::: DATA

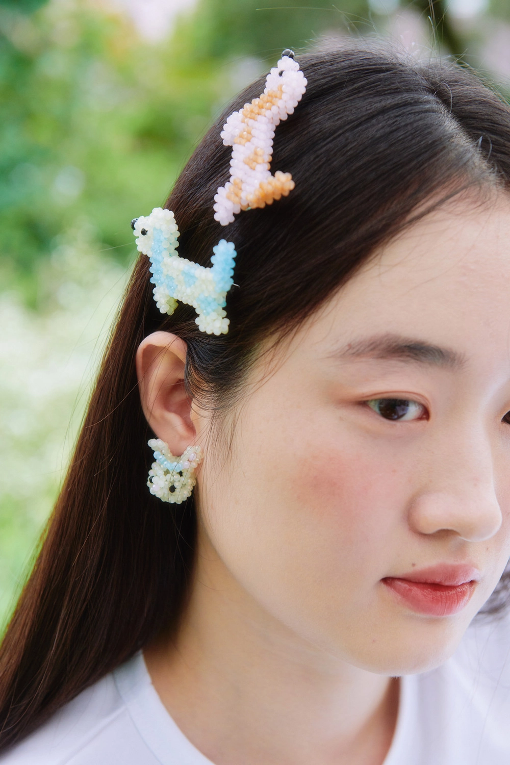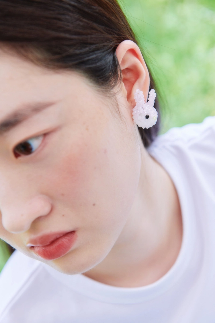 Rabbit Beads Earrings (Cream)
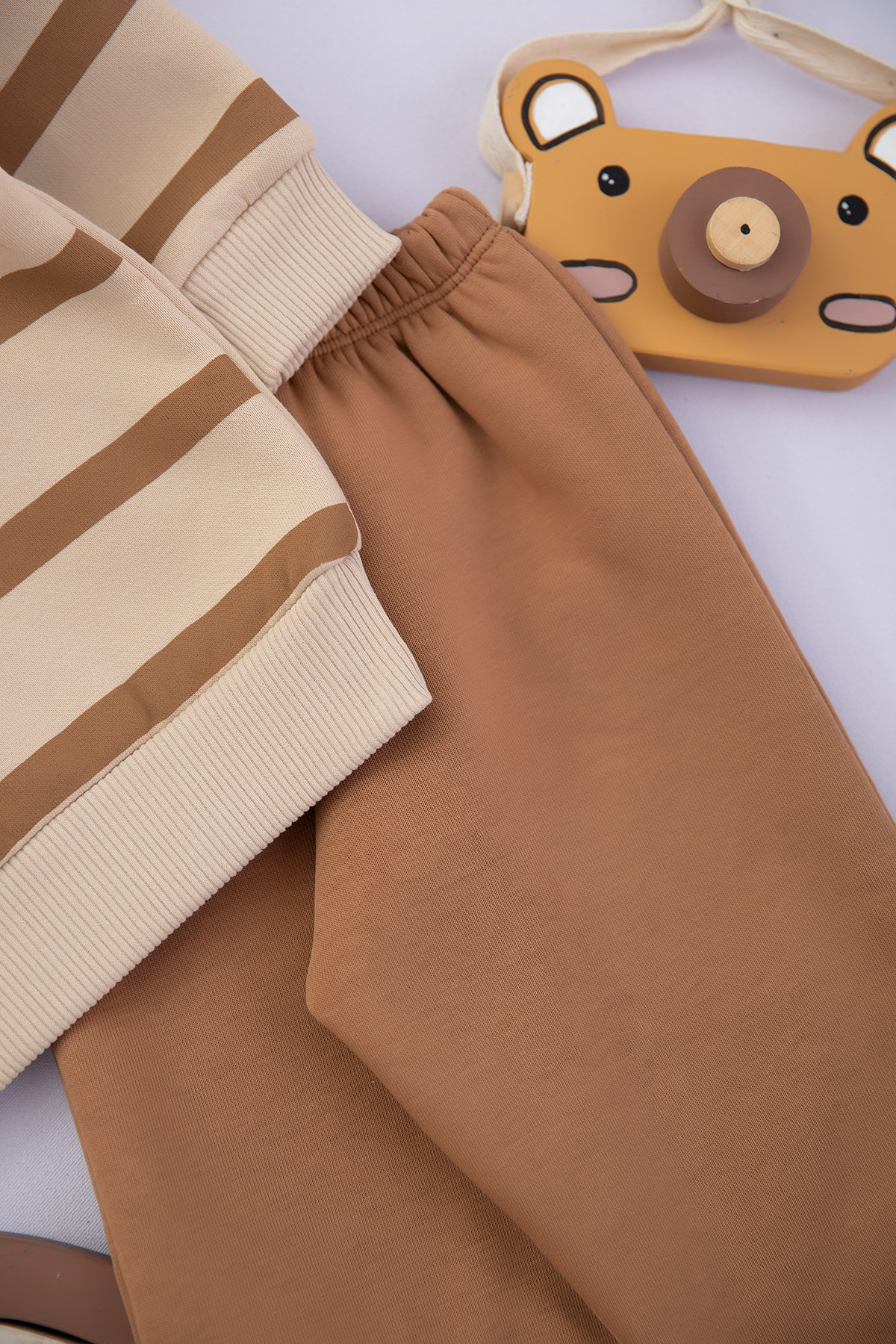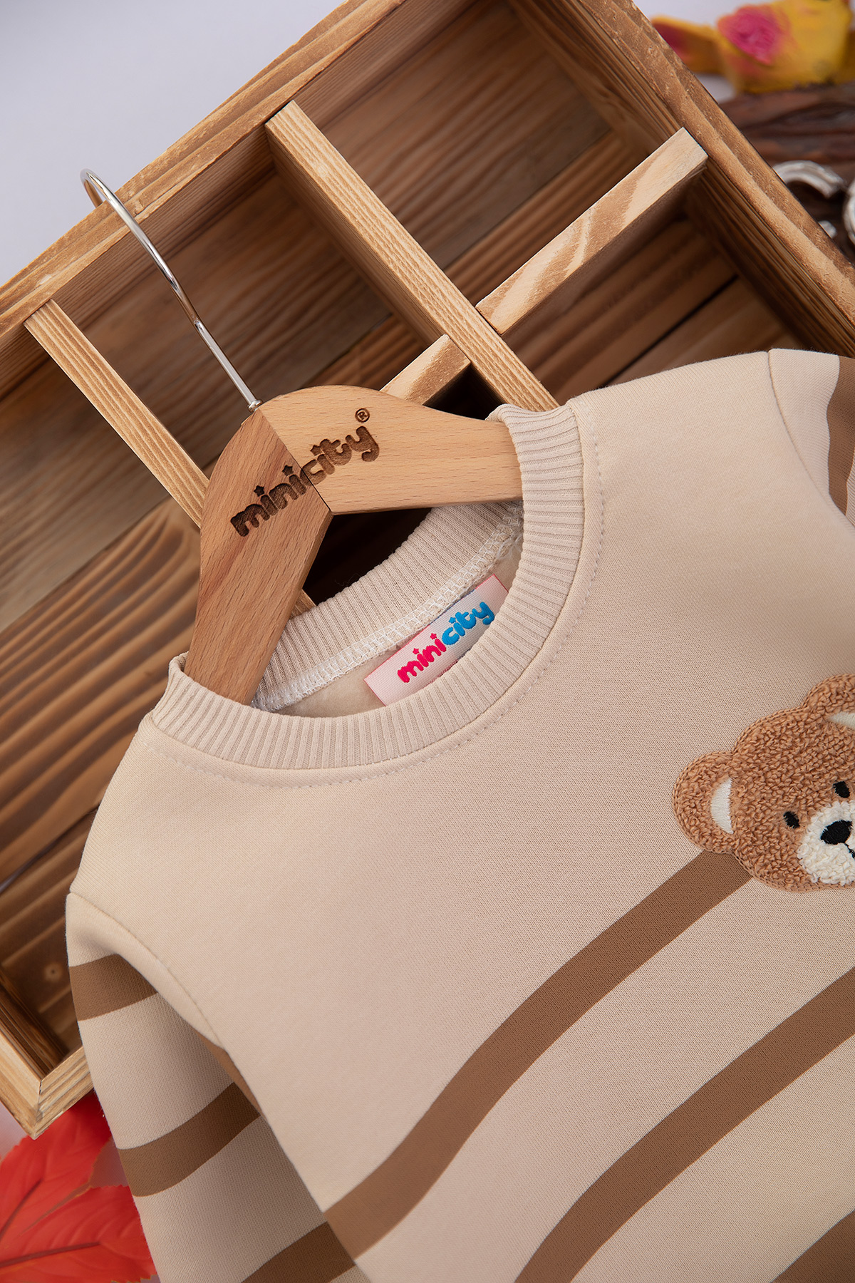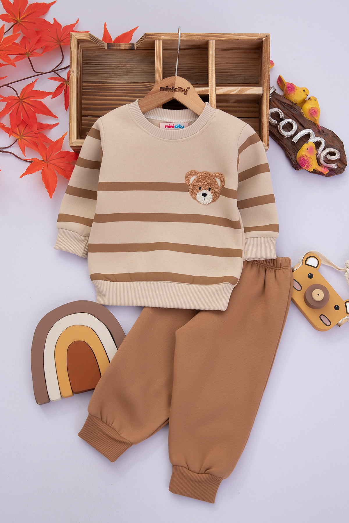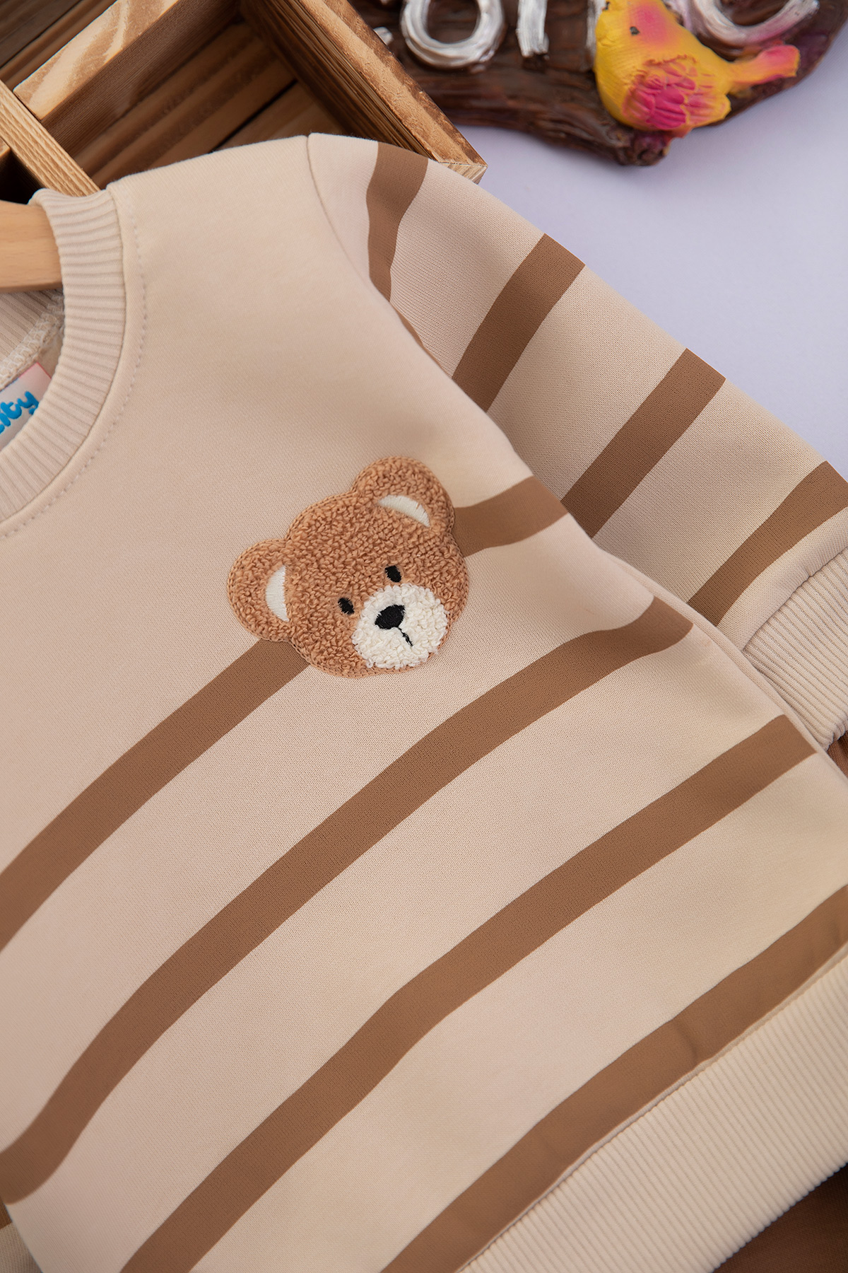 Erkek Çocuk Çizgili Ayı Nakışlı Üçip Takım - 2033 (1-3 Yaş)
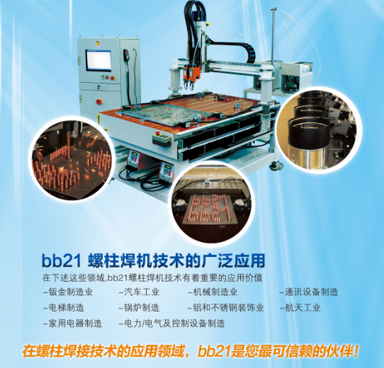 bb21螺柱焊機(jī)代表處,德國螺柱焊機(jī),bb21螺柱焊機(jī),進(jìn)口螺柱焊機(jī),螺柱焊槍,bb21螺柱焊槍,螺柱焊釘及螺柱焊接配件。德國bb21授權(quán)代表處-友君歐比歐(廈門)機(jī)械設(shè)備有限公司
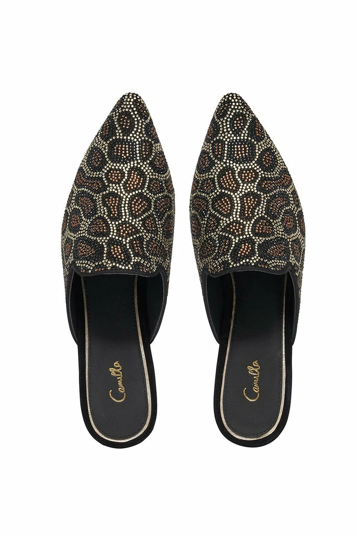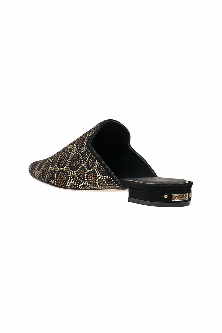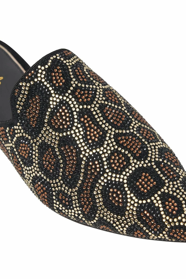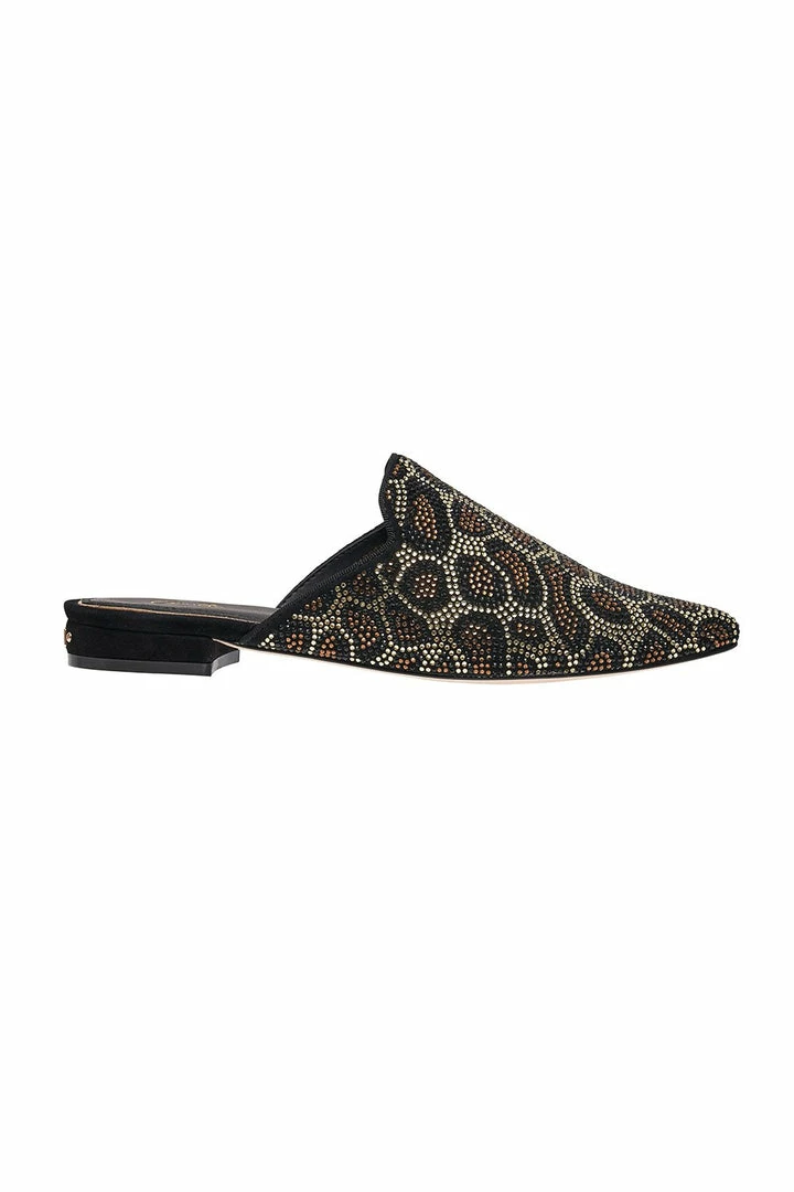 A statement loafer with an insatiable appetite for wild adventure, the Lady Lodge Crystal Animal Slipper is a new shoe style for the season. Crafted with a 100% CAMILLA leather upper and lining, this slide on style is decorated with bold all-over animal print beading, inspired by an outspoken mistress of the manor. The comfortable 2cm heel is adorned with a gold CAMILLA metal logo plate, elevating this luxe flat shoe. Style back with matching pieces from the Lady Lodge collection or with soft suiting pieces from the current season.
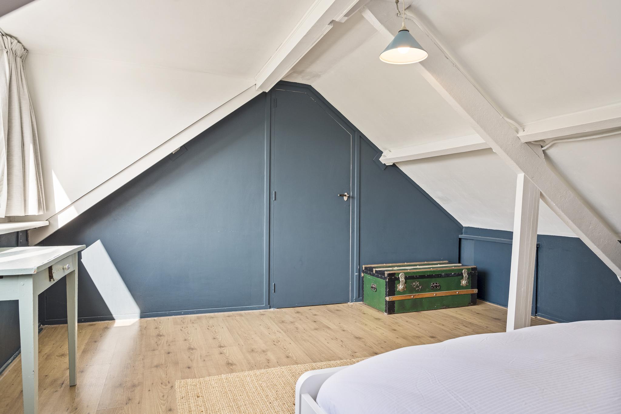 2e Verdieping: via de vaste trap is de zolderverdieping te bereiken. Deze verdieping bestaat uit een voorzolder met bergruimte en cv-opstelling en een grote extra slaapkamer over de hele breedte van de woning. Deze slaapkamer is voorzien van een dakkapel.
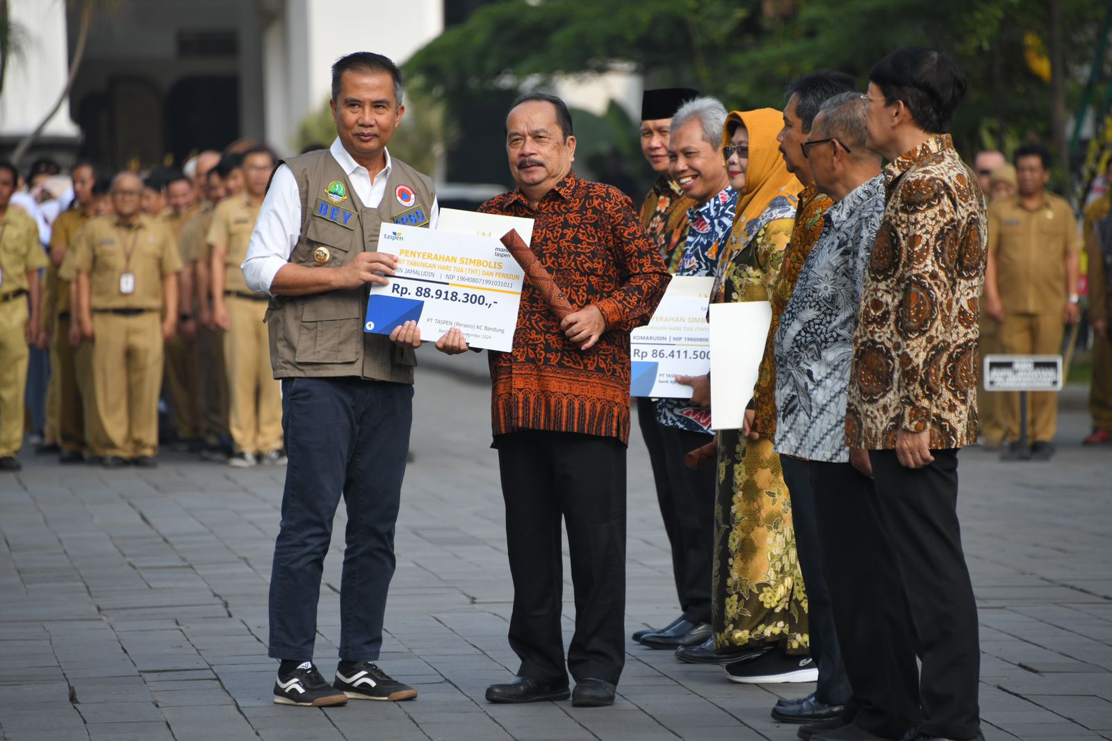 Mereka menerima SK (surat keputusan) pensiun yang dilakukan secara simbolis pada apel pagi yang dipimpin Penjabat Gubernur Jawa Barat Bey Machmudin di halaman depan Gedung Sate, Kota Bandung, Senin (2/9/2024).
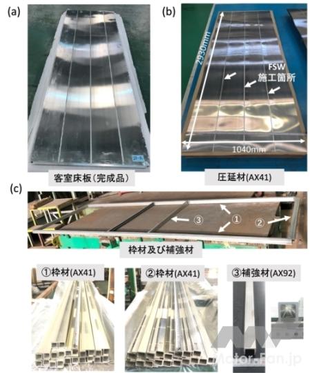 そして、図4(a)の客室床板をALFA-Xの中間車両に敷き詰め、全長約9m×幅約3mの客室床を完成した(図1)。マグネシウム合金製圧延材の鉄道車両への適用としては、世界最大級のサイズとなる。なお、客室床板1枚当たりの重量は約20kgで、アルミニウム製(約26kg)に比べて約23%の軽量化(1両当たり客室床全体で約50kgの軽量化)を実現した。
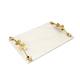 Beyaz mermer tepsi, şıklık ve zarafeti yaşam alanınıza taşıyan bir otantik parçadır. Doğal beyaz mermerin estetik ve dayanıklı yapısıyla üretilen bu tepe, evinizin dekorasyonunu tamamlayacak şık bir detaydır. Tepsi, 25x41x7 cm ölçülerinde olduğundan büyük ve kullanımı oldukça pratiktir. Sofralarınızı süsleyecek, misafirlerinizi etkileyecek bir parça olarak kullanabilirsiniz. Üzerinde yer alan desenler ve detaylar ile göz alıcı bir görünüm sunan beyaz mermer tepe, her türlü masa ve yemek takımı ile uyum sağlar. İsterseniz çay-kahve servisi için kullanabileceğiniz gibi, dekoratif amaçlı kullanarak evinizin atmosferini değiştirebilirsiniz. Kaliteli malzemesi ve şık tasarımıyla uzun yıllar şıklığını koruyacak olan bu mermer tepsiyi, özel günlerde misafirleriniz için de tercih edebilirsiniz. Hafif ve taşınması kolay olması sayesinde de kullanımı oldukça rahattır. Beyaz mermer tepe ile evinize zarafet ve şıklık katmak için hemen sipariş verebilirsiniz.
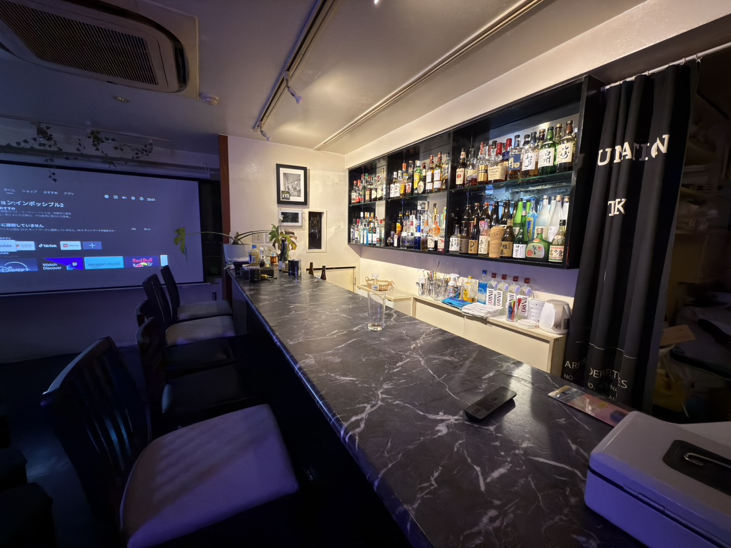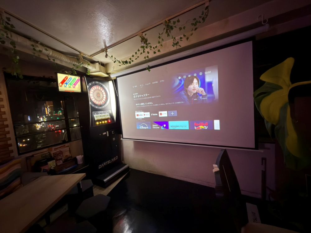 店内にプロジェクターと大型スクリーン、モニターがございますので映像の確認にご利用いただけます。
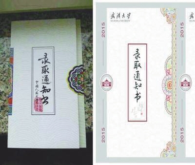 近日,因为武汉大学今年的录取通知书和中国人民大学去年的通知书很相似,武大和人大学生在网上展开了激烈争论。人大校友笑称,“欢迎收到通知书的同学来人大,毕竟很容易一激动就看走眼了”。武汉大学则回应称,两个版本的通知书在形式上虽“撞脸”,但并不存在抄袭。人大是“海水江崖纹”,武大是“龙腾鱼跃纹”,再加上中国书法都差不多,所以看起来很相似。
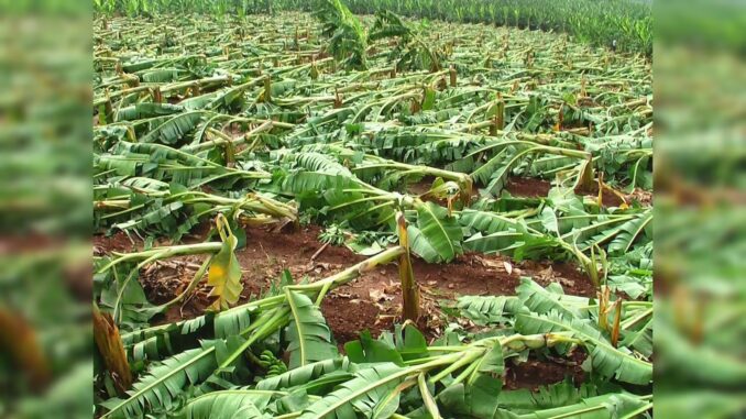 திருச்சி மாவட்டம் தொட்டியம் மற்றும் அதன் சுற்றுவட்டாரப் பகுதிகளில் கடந்த சில நாட்களாக வீசிய பலத்த காற்றுடன் கூடிய கோடை மழையினால் ஆயிரக்கணக்கான வாழை மரங்கள் முறிந்து விழுந்து பலத்த சேதமடைந்துள்ளன. ஏற்கனவே சந்தையில் வரத்து அதிகரிப்பு மற்றும் சர்வதேசப் போர் பதற்றங்களால் ஏற்றுமதி பாதிக்கப்பட்டு வாழைத்தார்களின் விலை வீழ்ச்சியடைந்துள்ள நிலையில், இந்த இயற்கை சீற்றம் விவசாயிகளின் வாழ்வாதாரத்தை நிலைகுலையச் செய்துள்ளது. வழக்கமாக வீசும் பலத்த காற்று இந்த ஆண்டு ஒரு மாதத்திற்கு முன்னதாகவே வீசத் தொடங்கியுள்ளதால், அறுவடைக்குத் தயாராக இருந்த தோட்டங்கள் பெரும் பாதிப்புக்கு உள்ளாகியுள்ளன.
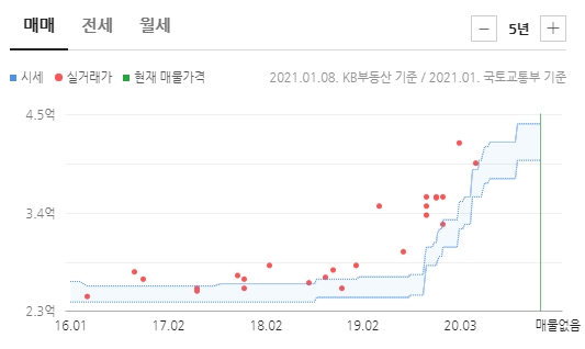 경매로 나온 것과 동일한 면적의 최근 5년 동안의 가격 변화를 나타낸 것이다. 2016년 3월에 2억 5천1백만 원에 실거래가 있었고, 가장 최근은 2020년 5월로 3억 9천7백만 원이었다. 지금 호가는 4억 원에서 4억 4천만 원 정도이다.

::::::

▸ WHAT YOU WILL DO
Taking the records above, print only and exactly the lines from the line with "bb21螺柱焊機(jī)代表" to the line with "2e Verdieping: via", both kept, and exclude pictures.

▸ TASK ANSWER
 bb21螺柱焊機(jī)代表處,德國螺柱焊機(jī),bb21螺柱焊機(jī),進(jìn)口螺柱焊機(jī),螺柱焊槍,bb21螺柱焊槍,螺柱焊釘及螺柱焊接配件。德國bb21授權(quán)代表處-友君歐比歐(廈門)機(jī)械設(shè)備有限公司
 A statement loafer with an insatiable appetite for wild adventure, the Lady Lodge Crystal Animal Slipper is a new shoe style for the season. Crafted with a 100% CAMILLA leather upper and lining, this slide on style is decorated with bold all-over animal print beading, inspired by an outspoken mistress of the manor. The comfortable 2cm heel is adorned with a gold CAMILLA metal logo plate, elevating this luxe flat shoe. Style back with matching pieces from the Lady Lodge collection or with soft suiting pieces from the current season.
 2e Verdieping: via de vaste trap is de zolderverdieping te bereiken. Deze verdieping bestaat uit een voorzolder met bergruimte en cv-opstelling en een grote extra slaapkamer over de hele breedte van de woning. Deze slaapkamer is voorzien van een dakkapel.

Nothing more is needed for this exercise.